The Severability clause refers to a provision that describes the effect that an unenforceable part of a contract will have on an agreement. Generally speaking, Leases are regularly challenged in court and as time progresses, laws and statues change. Thus, it is possible that certain provisions of the lease may be invalidated over time. This section prevents the entire Lease from becoming invalid if this is the case.

Limitation on Liability

Limitation on Liability refers to the limiting conditions or instances under which the disclaiming party may be held liable for loss or damages. This sections essentially protects the Lessor, stating that the Lessee can only execute on the Lessor’s interest in the Premises (as opposed to other assets the Lessor may have including partners, members, directors, officers, or shareholders). Some lenders require borrowers to take title to properties as a single asset LLC which helps restrict the liability to the Lessor’s interest in the Premises.

Common law protects Parties from liability incurred due to unforeseen damages. However, there are often foreseeable damages that are known when the contract is entered into. The purpose of the Limitation on Liability clause is to serve as a simple reiteration of the basic common law principle protecting parties from unforeseeable damages. While insurance can cover the majority of individuals and companies, there are certain claims that can’t be insured.

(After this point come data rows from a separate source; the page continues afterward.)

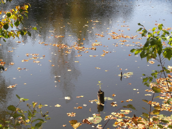 и осенний денек. Запомнился широким размахом и простором, по осеннему, желтых полей. Запомнился голубизной водной глади лесного озера. И, конечно же, запомнился падающими листьями, что кружат и тихо опускаются с осенних деревьев на землю. Красивая картина наших полей, наших лесов, нашей природы.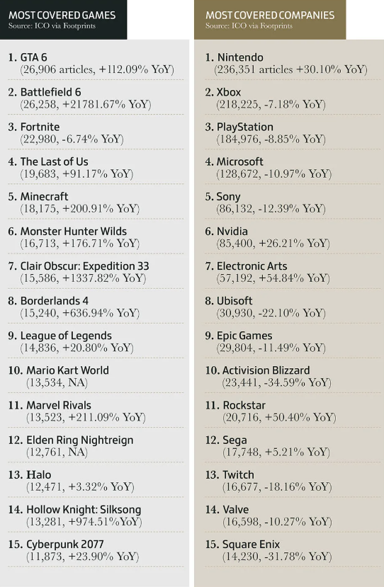 - Больше всего в 2025 году западные СМИ писали о GTA VI, Battlefield 6 и Fortnite — о каждой игре вышло более 20 тысяч публикаций. Из компаний чаще всего в прессе упоминали Nintendo, Xbox и PlayStation.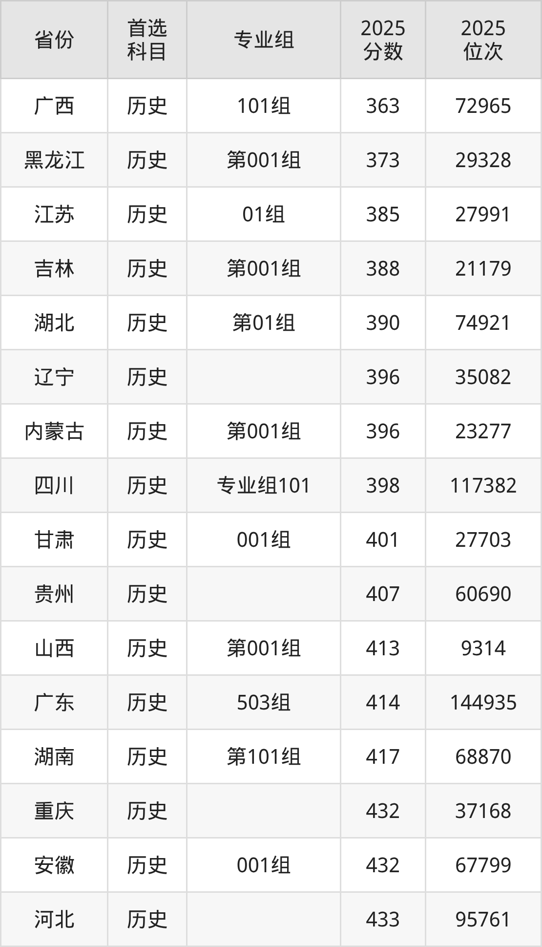 历史类最低分对应地区为广西(101组),录取位次为72965,超专科线163分;最高分对应地区为江西(第101组),录取位次为54742,超专科线185分。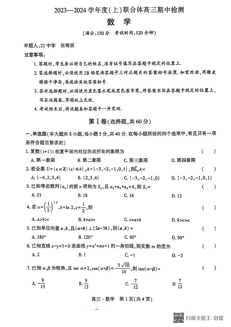 辽宁省沈阳市重点高中联合体2023-2024学年高三上学期期中考试 数学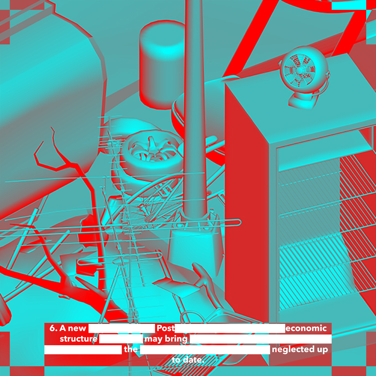 The work presented revisits the 9 points of monumentality, whereby editing the text into an ad-lib we are left with a broader notion of what can be interpreted. These new lines, without the historical baggage, are paired with snapshots of our digital dumpster dive composed of real objects scanned into 3D, or purely virtual objects. The distinction here bares no difference.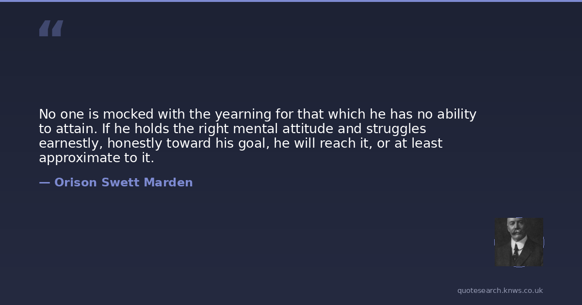 No one is mocked with the yearning for that which he has no ability to attain. If he holds the right mental attitude and struggles earnestly, honestly toward his goal, he will reach it, or at least approximate to it.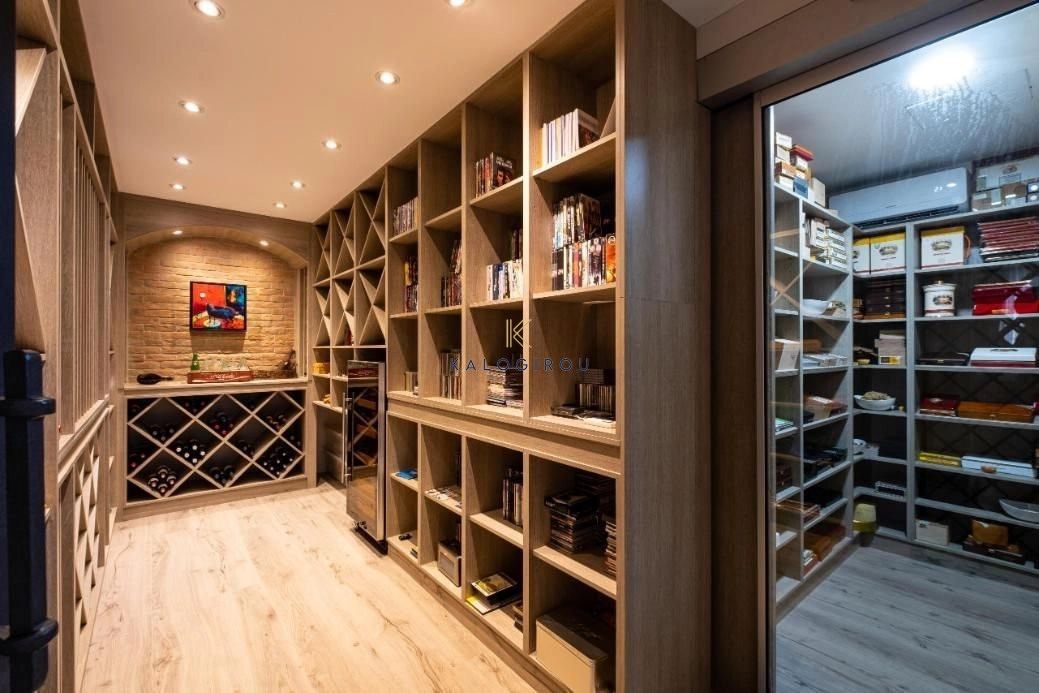 On the ground floor, you’ll find an expansive open-plan living and dining area with a fireplace, perfect for both family gatherings and entertaining. The kitchen is separated and fully equipped with top-tier appliances and an island for added functionality. A guest toilet, a large playroom, a wine cellar, and a cigar humidor are also located on this level, ensuring both relaxation and practicality.

When this is the case, limiting your liability is a form of protecting yourself financially in the absence of an insurance policy.

Time of Essence

Time of Essence refers to the amount of time both Parties have to perform their obligations under the Lease. These dates and times are not estimations or approximations but rather precise deadlines, so unless otherwise noted, there are no grace periods. This would come into play, for example, if a tenant or landlord had to provide a written notice. If the written notice was provided a day late, they would not be entitled to the rights set forth in the Lease.

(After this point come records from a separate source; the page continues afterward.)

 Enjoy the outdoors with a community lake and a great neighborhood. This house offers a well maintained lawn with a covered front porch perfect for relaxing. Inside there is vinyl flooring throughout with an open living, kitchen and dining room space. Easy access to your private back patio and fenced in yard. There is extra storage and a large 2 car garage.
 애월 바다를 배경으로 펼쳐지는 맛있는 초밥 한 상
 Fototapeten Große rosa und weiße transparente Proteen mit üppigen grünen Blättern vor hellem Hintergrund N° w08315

It’s important to note that not all aspects of a contract are equally crucial. Therefore, it may be beneficial to consider which clauses require deadlines to avoid causing unnecessary pain to the other party for every detail of the contract.

Notices

All Notices are required to be in writing. They are allowed to be delivered in various ways, for example, by mail, facsimile, email, and in person. Sometimes the Lessor will send the Notice multiple ways to ensure it was received. Once the Lessee takes possession of the Premises, the Premises will constitute as the primary address for the Lessor to send Notices to the Lessee. If one of the Party’s wishes to change their address, they can do so adjacent to the Party’s signature where delivery and mail notices are to be recorded. The Lessor may require that copies of notices be sent to certain additional designated parties.